→ Information given
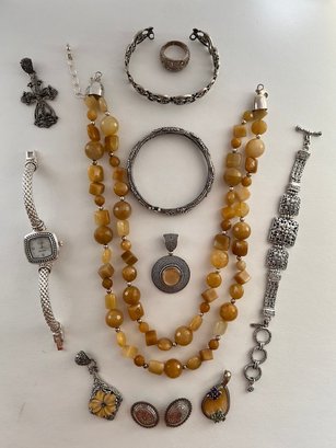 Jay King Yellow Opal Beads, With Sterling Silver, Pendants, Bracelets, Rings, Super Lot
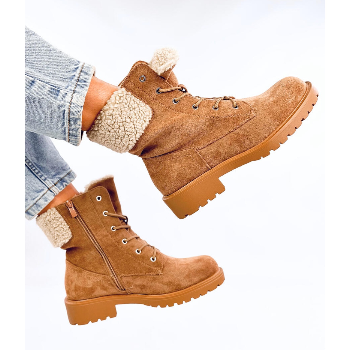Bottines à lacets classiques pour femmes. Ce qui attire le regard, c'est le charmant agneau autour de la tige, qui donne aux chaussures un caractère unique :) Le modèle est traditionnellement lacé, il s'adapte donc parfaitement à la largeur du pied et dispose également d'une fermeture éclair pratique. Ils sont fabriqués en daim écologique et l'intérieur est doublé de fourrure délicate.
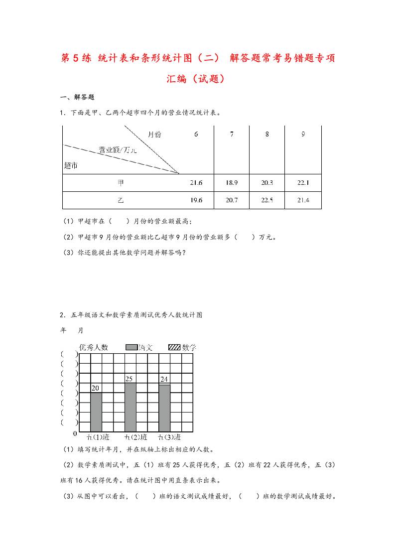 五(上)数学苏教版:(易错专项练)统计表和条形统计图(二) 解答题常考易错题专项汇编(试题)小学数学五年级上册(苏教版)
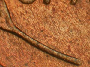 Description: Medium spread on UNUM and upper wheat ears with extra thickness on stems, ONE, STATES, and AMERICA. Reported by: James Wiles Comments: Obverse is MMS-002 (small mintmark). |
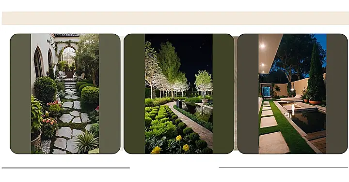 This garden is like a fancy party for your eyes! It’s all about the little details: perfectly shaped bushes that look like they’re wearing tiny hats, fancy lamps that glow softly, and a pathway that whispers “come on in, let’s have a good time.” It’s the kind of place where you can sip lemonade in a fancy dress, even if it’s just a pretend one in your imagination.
--
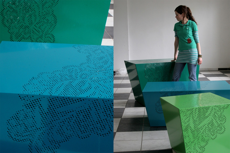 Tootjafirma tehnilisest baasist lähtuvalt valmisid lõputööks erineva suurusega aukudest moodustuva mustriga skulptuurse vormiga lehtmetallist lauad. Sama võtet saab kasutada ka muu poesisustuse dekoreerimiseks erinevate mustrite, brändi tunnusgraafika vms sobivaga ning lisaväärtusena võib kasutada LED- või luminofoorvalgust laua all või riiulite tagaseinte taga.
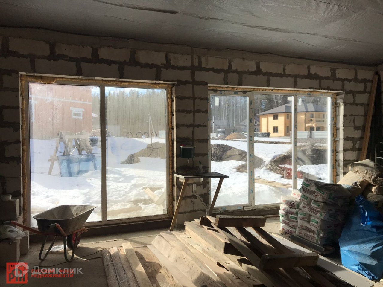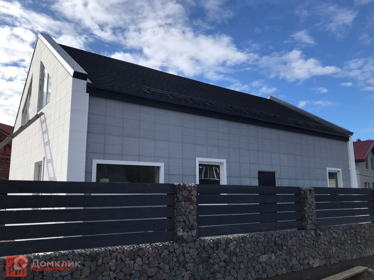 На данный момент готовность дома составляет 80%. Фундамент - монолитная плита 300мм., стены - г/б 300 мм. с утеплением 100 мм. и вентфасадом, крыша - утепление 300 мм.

→ What you should do
An exact transcription is needed of the lines from the one with "五(上)数学苏教版:(易错专" to the one with "This garden is" above, both ends included, with pictures left out.

→ Solved problem
 五(上)数学苏教版:(易错专项练)统计表和条形统计图(二) 解答题常考易错题专项汇编(试题)小学数学五年级上册(苏教版)
 Description: Medium spread on UNUM and upper wheat ears with extra thickness on stems, ONE, STATES, and AMERICA. Reported by: James Wiles Comments: Obverse is MMS-002 (small mintmark). |
 This garden is like a fancy party for your eyes! It’s all about the little details: perfectly shaped bushes that look like they’re wearing tiny hats, fancy lamps that glow softly, and a pathway that whispers “come on in, let’s have a good time.” It’s the kind of place where you can sip lemonade in a fancy dress, even if it’s just a pretend one in your imagination.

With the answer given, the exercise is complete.